Proceedings of the National Academy of Sciences; Vedran Sekara, Arkadiusz Stopczynski and Sune Lehmann


from August 23, 2016

We study the dynamic network of real world person-to-person interactions between approximately 1,000 individuals with 5-min resolution across several months. There is currently no coherent theoretical framework for summarizing the tens of thousands of interactions per day in this complex network, but here we show that at the right temporal resolution, social groups can be identified directly. We outline and validate a framework that enables us to study the statistical properties of individual social events as well as series of meetings across weeks and months. Representing the dynamic network as sequences of such meetings reduces the complexity of the system dramatically. We illustrate the usefulness of the framework by investigating the predictability of human social activity.

 

AI’s Research Rut

MIT Technology Review, Olga Russakovsky


from August 23, 2016

When you picture AI, what do you see? A humanoid robot? When you think about a real-world application of AI, what comes to mind? Probably autonomous driving. When you think about the technical details of AI, what approach do you name? I’m willing to bet it’s deep learning.

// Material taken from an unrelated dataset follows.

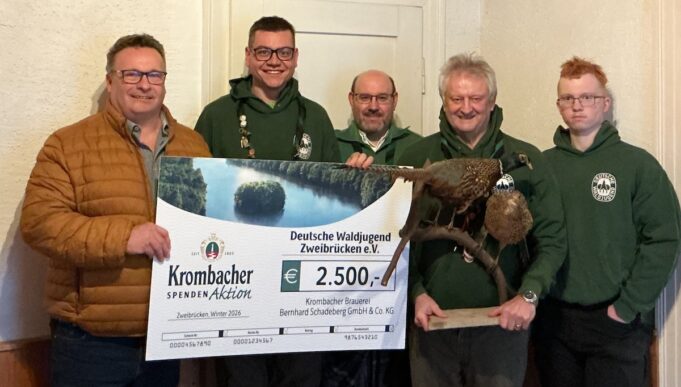 Unterstützt wird dieses Engagement nun von der Krombacher Brauerei, die im Rahmen ihrer Spendenaktion 2.500 Euro an die Deutsche Waldjugend Zweibrücken vergibt. Der Krombacher Gebietsverkaufsleiter Hans Zimmer überreichte den symbolischen Spendenscheck persönlich. Die Zuwendung ist Teil einer größeren Aktion, mit der das Unternehmen seit Jahren gemeinnützige Projekte in ganz Deutschland fördert.

In reality AI comes in many shapes and forms. AI machines go far beyond humanoid robots; they range from software detecting bullying on social media to wearable devices monitoring personal health risk factors to robotic arms learning to feed paralyzed people to autonomous robots exploring other planets. The potential applications of AI are limitless: personalized education, elderly assistance, wildlife behavior analysis, medical-record mining, and much more.

 

Spreadsheet software defaults damage science

Genome Biology; Mark Ziemann, Yotam Eren and Assam El-Osta


from August 23, 2016

As I tweeted earlier this week, Excel is bad for science. Libre Office and most spreadsheet applications are no better. The issue this time? “Microsoft Excel, when used with default settings, is known to convert gene names to dates and floating-point numbers. A programmatic scan of leading genomics journals reveals that approximately one-fifth of papers with supplementary Excel gene lists contain erroneous gene name conversions.” [full text]

 

Big data and hidden cameras are emerging as dangerous weapons in the gentrification wars

Quartz, Dia Kayyali


from August 23, 2016

The gentrification wars have a dangerous new weapon: invasive surveillance technology.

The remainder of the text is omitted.